Llegaron poco después; el panel de vuelos anunció que el avión había aterrizado. Mi corazón se detuvo, me levanté de mi asiento y sentí que había usado la suficiente fuerza para derribar a un oso con el impulso de mis pies. Las vi descender, entrar en el aeropuerto y pasar por el control. El grupo de compañeras que hacía años no veía pasó a mi lado, alguna me reconoció y me saludó con algunos rápidos intercambios de palabras que casi ni oía. Kéya estaba entre las últimas; la vida de mi corazón se acentuó. Estaba igual que la última vez, pero estaba seguro de que en su uniforme de lucha quedaría al descubierto todo el vestigio del arduo entrenamiento que había tenido. Me gritó:
—¡Ákel!
Se lanzó corriendo hacia mí. Me abrí de brazos. Entonces algo pasó con el tiempo. Leí alguna vez que en situaciones de peligro, el cerebro ralentiza el tiempo para poder reflexionar, darse cuenta de lo que está pasando y hacer algo al respecto, también uno se vuelve insensible al dolor y a prácticamente todo lo demás que no sea de ayuda para lograr escapar de la crisis, y por lo mismo, ese periodo de tiempo ralentizado se queda en la memoria para siempre, hasta sus más dolorosos y desesperantes detalles. La sensación de peligro que viví fue activada por un levantamiento de mano que realizó Kéya mientras corría hacia mí, similar a una de esas ineficientes guardias de wing-chun, mostrando el dorso de la mano con los dedos comprimidos, y en uno de ellos, más precisamente en el anular, algo plateado brillaba.
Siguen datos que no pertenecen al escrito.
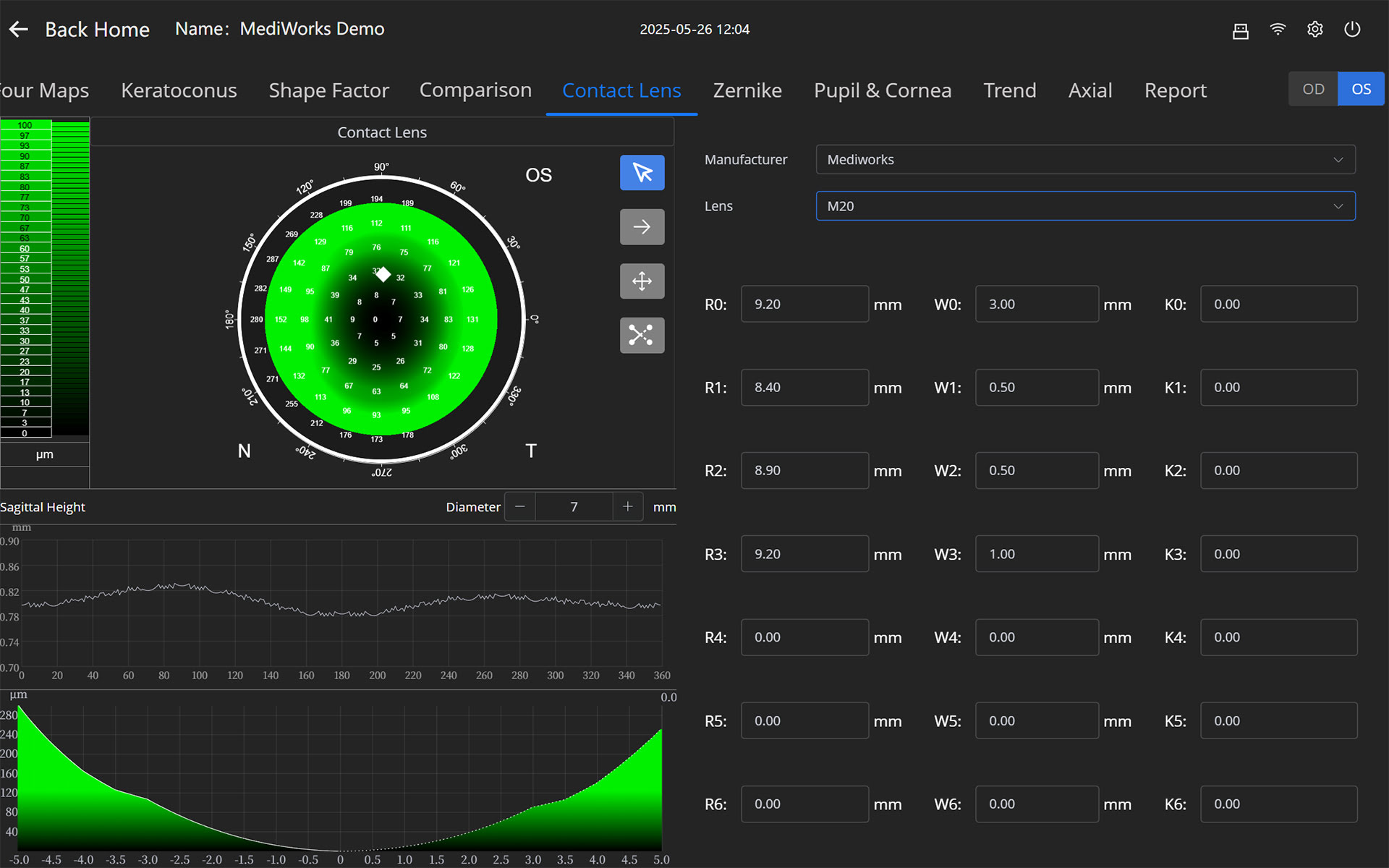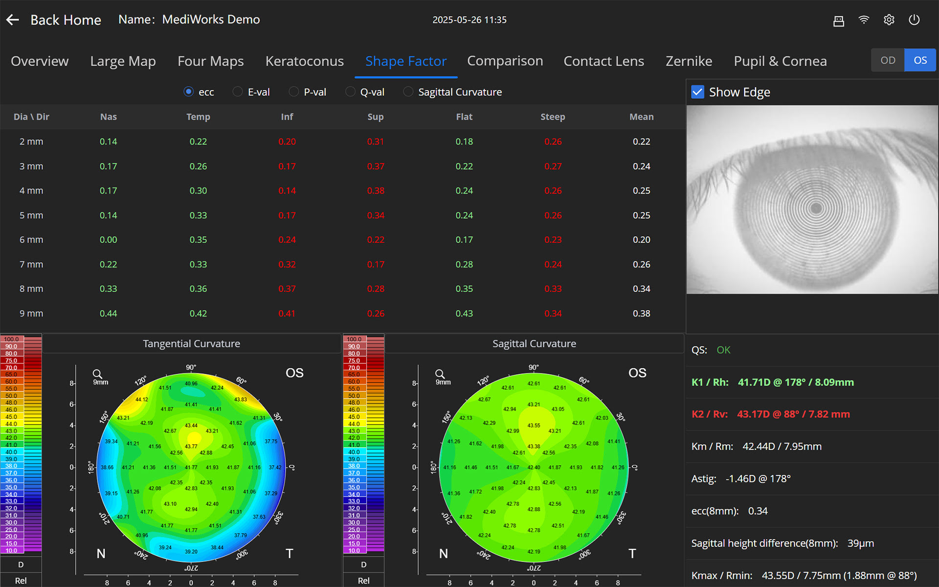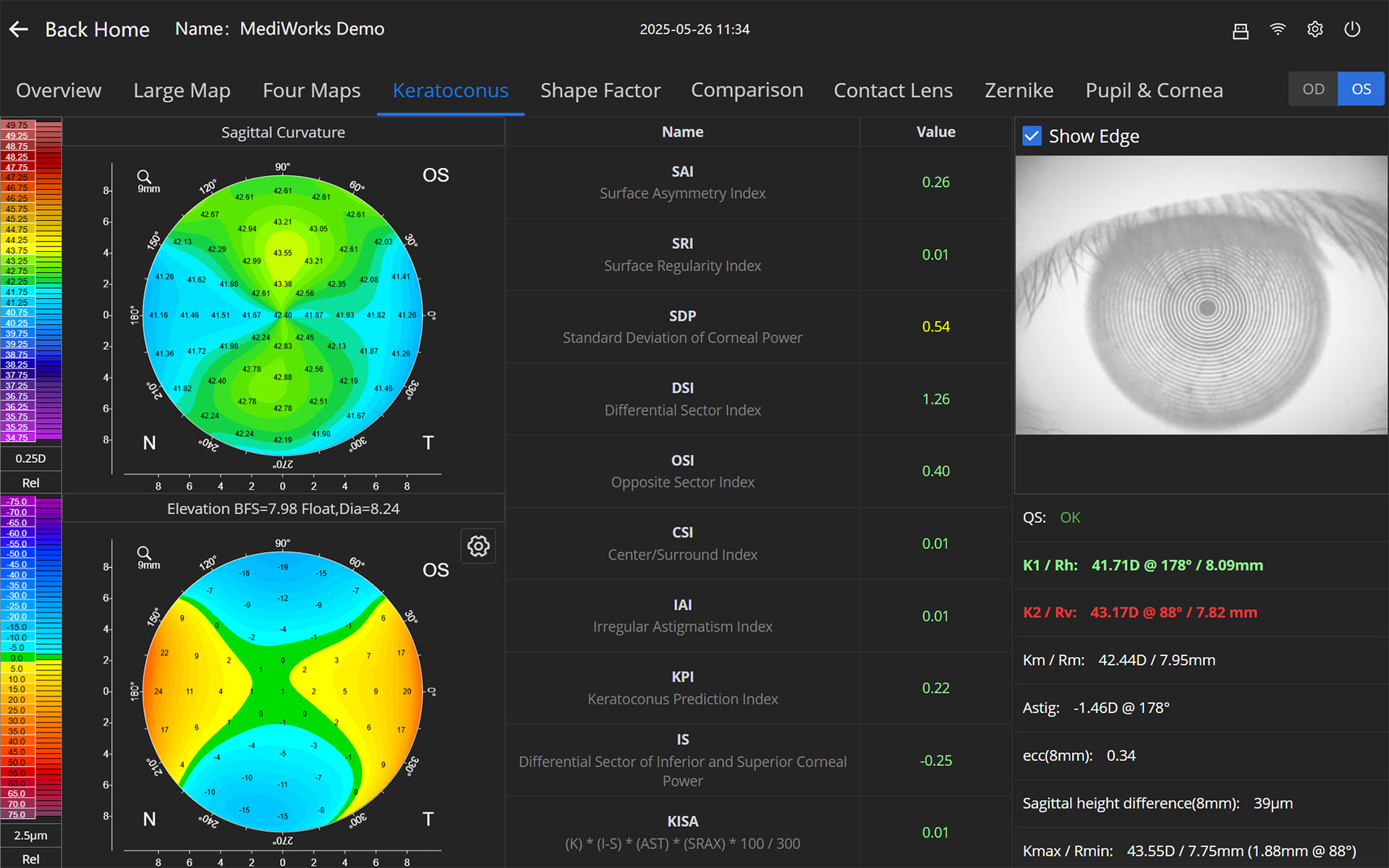 Прилад надає карти сагітальної кривизни та висоти передньої частини рогівки, а також різноманітні показники кератоконусу, що дозволяє офтальмологам інтуїтивно та швидко зрозуміти морфологію рогівки пацієнта та сприяє ранньому виявленню таких захворювань, як кератоконус та крайова дегенерація рогівки.
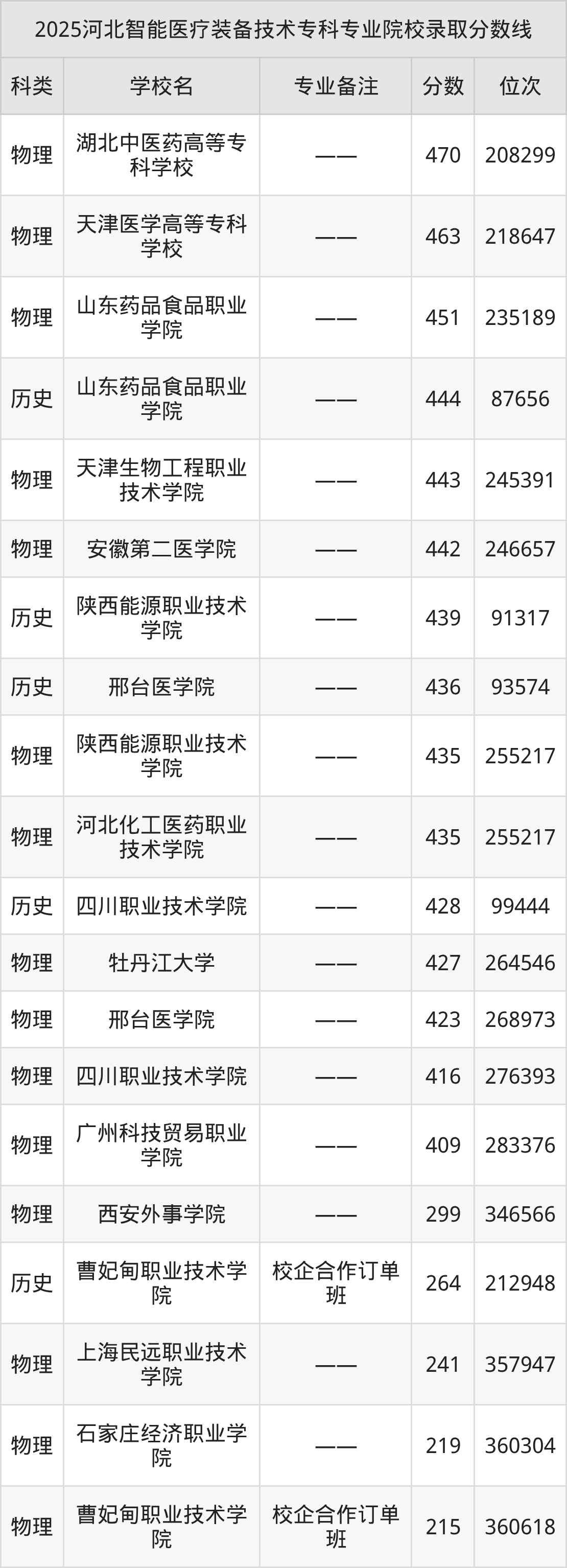 2025年河北智能医疗装备技术分数线排名前5的大学名单(专科最难报考):

Ese brillo fue para mí lo que el tiburón habrá sido para el náufrago que flota perdido en el mar. Se engrandecía conforme se acercaba. No escuchaba más ni podía ver el rostro de Kéya. Ese objeto que rodeaba su dedo anular avanzaba con una lentitud desesperante, y yo me sentí como una presa que, en su espanto, en vez de huir de su depredador queda hipnotizada ante él, y el cuerpo toma las precauciones necesarias para el impacto: la sangre baja del cerebro, los músculos se suavizan, el ritmo cardíaco desciende hasta un punto muy cercano al desmayo, todo con tal de volver lo más indoloro posible el inevitable ataque, la confirmación de lo que tanto se teme.
Ella llegó. Su mano seguía levantada, su sonrisa era radiante.
—¡Me voy a casar!
Lo que sigue es inexplicable; nunca desde entonces intenté ponerlo en palabras, y ahora que intento escribirlo me devano el cerebro pensando en qué imágenes serían las más apropiadas para describir lo que pasó dentro de mí al escuchar esas palabras de reencuentro. Decir que sentí dolor sería incorrecto, porque en realidad estaba anestesiado, pero era la anestesia como de una pérdida masiva de sangre, que en realidad sí es un dolor, el dolor de la vida que se escapa a borbotones. Dejémoslo como que fue una anestesia punzante y angustiosa, en la que ya no sentí mis miembros, mi piel ni mis músculos; si me quedé sintiendo algo, tal vez sería sólo mis venas y arterias, pero sin sangre en ellas, sólo aire estancado.
Pese a todo sonreía; mi rostro no tenía energía para mostrar la verdad. Supe que mi sonrisa le satisfacía porque ella siguió sonriendo con cada vez más intensidad, sus ojos se contrajeron a niveles asiáticos, de sus dientes se filtró un siseo de emoción, la alegría de compartir esa emoción con otra persona, conmigo, su más grande compañero desde que teníamos memoria.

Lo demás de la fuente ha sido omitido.